United States set to target crypto-scam and money-laundering

Crypto scams, Money laundering

The United States Treasury Department is embarking on a significant initiative to combat crypto scams and money laundering through the unveiling of a comprehensive national illicit finance strategy. This strategic approach, outlined in a recently released document, underscores the nation’s unwavering commitment to addressing the evolving landscape of financial crimes, ranging from the surge in digital assets to the proliferation of ransomware attacks that pose significant threats to the integrity of financial systems.

Emphasizing the ever-evolving landscape of illicit finance threats, a senior Treasury official pointed to a spectrum of challenges, including scams, frauds, ransomware attacks, and the concerning opioid epidemic. These pressing issues highlight the imperative for proactive measures. The strategy is designed to address regulatory shortcomings, enhance cooperation between law enforcement entities and global partners, and initiate a process of updating anti-money laundering policies. By undertaking these endeavors, the aim is to stay ahead of emerging threats and bolster the effectiveness of efforts to combat financial crimes.

Central to this initiative is the operationalization of the country’s new beneficial ownership information database, a pivotal tool launched by Treasury’s financial crimes unit, FinCEN, earlier this year. This database, designed to enhance transparency, aims to unmask the true owners of companies, thereby facilitating efforts to unravel complex corporate structures and hold perpetrators of financial crimes accountable for their actions.

Furthermore, Treasury is committed to bolstering compliance guidance for financial institutions, equipping them with the necessary tools and resources to navigate the evolving landscape of illicit finance. Additionally, significant investments will be made in training programs aimed at empowering analysts and regulators to effectively address emerging threats posed by cryptocurrencies, including the insidious “pig butchering scams” that prey on unsuspecting individuals with elaborate narratives designed to lure them into high-risk cryptocurrency investments.

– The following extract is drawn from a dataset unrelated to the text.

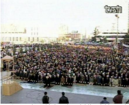
Arnavutlar şehirde onları alabilecek bir cami olmadığından Bayram Namazını Tiran'ın ana meydanında kılıyorlar

Bu gün Arnavutluk'un Müslümanları, Arnavut halkının en izole ve yoksul toplumunu temsil ediyor. Bunun aşılması için onların kendi enstitülerini, okullarını, kurumlarını ve medyalarını oluşturmaya ihtiyaçları var. Fakat onlar tüm bunlar için bir kaynağa sahip değiller. Onlar Cuma namazını kılmak için bile yeterli camiye sahip değiller. Bu gün Tiran'da, ülkenin başkentinde, sadece sekiz cami var ve Cuma günü Arnavut Müslümanlar Tiran'ın Merkez Meydanındaki eski Osmanlı camii olan Ethem Beg Camii onları içine alamadığı için zorunlu olarak dışarıda Cuma namazı kılmaktalar. Diğer camiler de aynı durumdadır.

Additionally, the strategy shines a light on vulnerabilities present within the real estate market, notably the widespread occurrence of all-cash transactions, a loophole frequently exploited by criminals and corrupt entities for laundering illicit funds. Recent endeavors by federal prosecutors to confiscate properties obtained through dubious methods underscore the government’s resolve to crack down on illicit real estate dealings and dismantle the channels through which dirty money circulates.

Earlier this year, FinCEN introduced a proposed rule aimed at shedding light on nefarious actors involved in purchasing residential properties using cash or opaque legal entities. The primary goal is to enhance regulatory oversight and combat illicit activities within the real estate sector. While the initial emphasis is on residential properties, future plans involve extending this scrutiny to commercial real estate transactions. By doing so, FinCEN seeks to close existing loopholes and fortify the financial system against potential abuse, ultimately bolstering its resilience against criminal activities.

In parallel, the Treasury is directing attention towards investment advisers, a sector that has traditionally operated without stringent anti-money laundering (AML) requirements. A newly proposed rule aims to compel specific investment advisers to establish comprehensive AML programs and disclose suspicious activities. This initiative aligns investment advisers with the regulatory standards already in place for banks and financial institutions. By extending AML obligations to this sector, the Treasury aims to enhance financial transparency and mitigate the risk of illicit financial activities within investment practices.

Gary Kalman, executive director of Transparency International US, emphasized the urgency of promptly completing regulations for investment advisers. This step is crucial to prevent inadvertent facilitation of illicit activities by ensuring advisers are equipped to identify and deter nefarious actors.

In summary, the United States Treasury Department’s proactive efforts to combat crypto scams and money laundering underscore its unwavering dedication to preserving the integrity of the financial system. Employing a multifaceted strategy that prioritizes transparency, cooperation, and modernization, the Treasury strives to anticipate and thwart evolving threats. By doing so, it aims not only to protect financial institutions but also to ensure accountability for those involved in illicit financial activities.